De plus, les députés s'inquiètent de l'adoption récente de la loi la visant à clarifier l’utilisation légale des données à l’étranger (le "Cloud Act"), une loi américaine qui accorde à la police américaine et étrangère l'accès aux données personnelles au-delà des frontières.

 

Ils font remarquer que la loi américaine pourrait avoir de graves implications pour l'UE et être en conflit avec les législations européennes sur la protection des données.

 

Citation

 

Le rapporteur Claude Moraes (S&D, UK) a déclaré: "La commission des libertés civiles a adopté lundi 11 juin une position claire sur l'accord relatif au bouclier de protection des données entre l’UE et les États-Unis. Bien que des progrès aient été réalisés pour améliorer l'accord Safe Harbor, le bouclier de protection des données dans sa forme actuelle n'offre pas le niveau de protection adéquat requis par la législation de l'UE en matière de protection des données et la Charte de l'UE. Il appartient donc aux autorités américaines de suivre réellement les termes de l'accord et à la Commission européenne de prendre des mesures pour s'assurer qu'il se conformera pleinement au RGPR."

 

Prochaines étapes

 

Le projet de résolution a été adopté par 29 voix pour, 25 voix contre et 3 abstentions.

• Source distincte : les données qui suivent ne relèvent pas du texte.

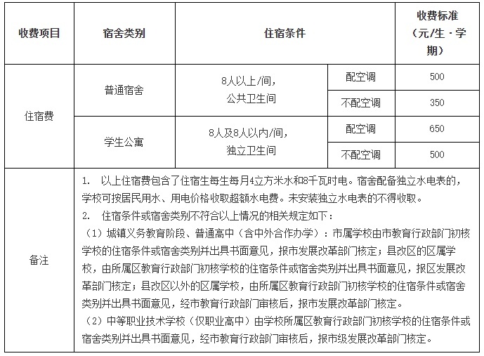 农村义务教育阶段免收住宿费。城镇义务教育阶段、普通高中(含中外合作办学)及中等职业技术学校(仅职业高中)住宿费实行政府定价(政府指导价),具体如下:

Le Parlement dans son ensemble devrait se prononcer sur le texte lors de la session plénière de juillet.

 

Contexte

 

Le bouclier de protection des données est un accord entre les États-Unis et l'UE qui permet aux entreprises américaines supposées disposer d'un niveau adéquat de protection des données de transférer des données personnelles de l'UE vers les États-Unis.

 

Le bouclier de protection des données entre l'UE et les États-Unis est le successeur du cadre de la sphère de sécurité de 2000, rendu invalide par un arrêt de la Cour de justice de l'UE en octobre 2015 - qui n'a pas jugé l'accord suffisamment strict sur la protection des données pour les citoyens de l'UE. La Commission européenne a réagi en négociant le nouvel accord sur le bouclier de protection des données afin d'assurer une protection "adéquate" des données à caractère personnel transférées et stockées par les entreprises aux États-Unis.

 

Ce nouveau cadre pour les transferts de données entre l'UE et les États-Unis a été adopté en juillet 2016.